Activity in Asia Pacific totalled US$3.6 billion in H1 2014, showing a slight decline of 3.7% compared to the same period last year, with fewer landmark deals taking place and higher volumes being held back by a lack of investment

opportunities.

Focus is on portfolio deals in Asia

The first six months of 2014 were characterised by increased activity in portfolio deals across the region, with the largest being the sales of Amanresorts portfolio across several countries, the Lone Star and Comfort hotel portfolios in Japan, and a portfolio of Tune Hotels in Indonesia. A successful listing of Frasers Hospitality Trust in Singapore further proved robust investor confidence in Asia.

The main action took place in four markets – China (26%), Japan (26%), Australia (16%) and Malaysia (8%) – which collectively accounted for three-quarters of regional investment volume.

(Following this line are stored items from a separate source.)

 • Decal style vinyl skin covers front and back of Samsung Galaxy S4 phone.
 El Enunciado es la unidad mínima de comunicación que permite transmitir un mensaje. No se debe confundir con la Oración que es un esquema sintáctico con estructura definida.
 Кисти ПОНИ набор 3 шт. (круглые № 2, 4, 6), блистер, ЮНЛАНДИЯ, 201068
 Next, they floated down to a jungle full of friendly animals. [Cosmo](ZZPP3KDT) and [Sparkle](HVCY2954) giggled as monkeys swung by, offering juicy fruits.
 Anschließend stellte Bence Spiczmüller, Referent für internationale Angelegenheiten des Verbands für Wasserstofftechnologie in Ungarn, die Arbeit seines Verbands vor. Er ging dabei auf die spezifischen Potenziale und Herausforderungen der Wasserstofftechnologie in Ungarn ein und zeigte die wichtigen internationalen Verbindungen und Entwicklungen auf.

An increasing number of transactions involve mixed-use schemes with a hotel component.

Japan is at the heart of hotel investment activity

Japan continues to be the most active market, with liquidity reaching US$915 million of disclosed deals in H1 2014,

including a number of portfolio sales completed by J-REITs, and we expect this strong sentiment to be maintained through 2014. Unlike the predominantly domestic market in China, Japan increasingly attracts both local and international capital.

China is ‘Going Global’

China remains one of the biggest investment markets in Asia Pacific, although activity is still almost exclusively

domestic, with no cross-border capital flowing into the country. At the same time, being encouraged by the government’s ‘Go Global’ policy, Chinese investors have already become one of the largest cross-border commercial property

investors in the world and are increasingly seeking offshore hotel opportunities for diversification purposes, notably in gateway cities and strong secondary markets worldwide. In H1 2014, a number of significant single-asset transactions were closed by Chinese capital, with deals happening in all regions.

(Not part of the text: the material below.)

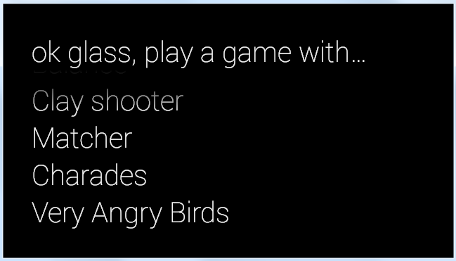 <string name="app_name">Very Angry Birds</string>在谷歌眼镜的家中尖叫,用户会说:“好的玻璃,玩一个游戏,非常愤怒的小鸟”。
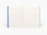 The open notebook features ruled sheets - leaving space for sketches, mindmaps, notes and doodles.

Single-asset transactions shape the investment scene in Australia

Australia continues to attract the bulk of investor interest, with Asian capital being particularly keen on entering this

market. Activity remains high and will be further boosted by the anticipated sale of the Sheraton on the Park in Sydney later this year for an estimated A$450 million. However, with yields compressing further, the market is becoming too expensive for many, which will constrain growth in investment volumes.

Unlike the Asian markets, where a number of portfolios changed hands in H1 2014, 100% of all deals closed in Australia were single-asset transactions. At the same time, the average ticket size during the first half of the year has doubled compared to the same prior-year period, driven by compressing yields under a growing weight of capital.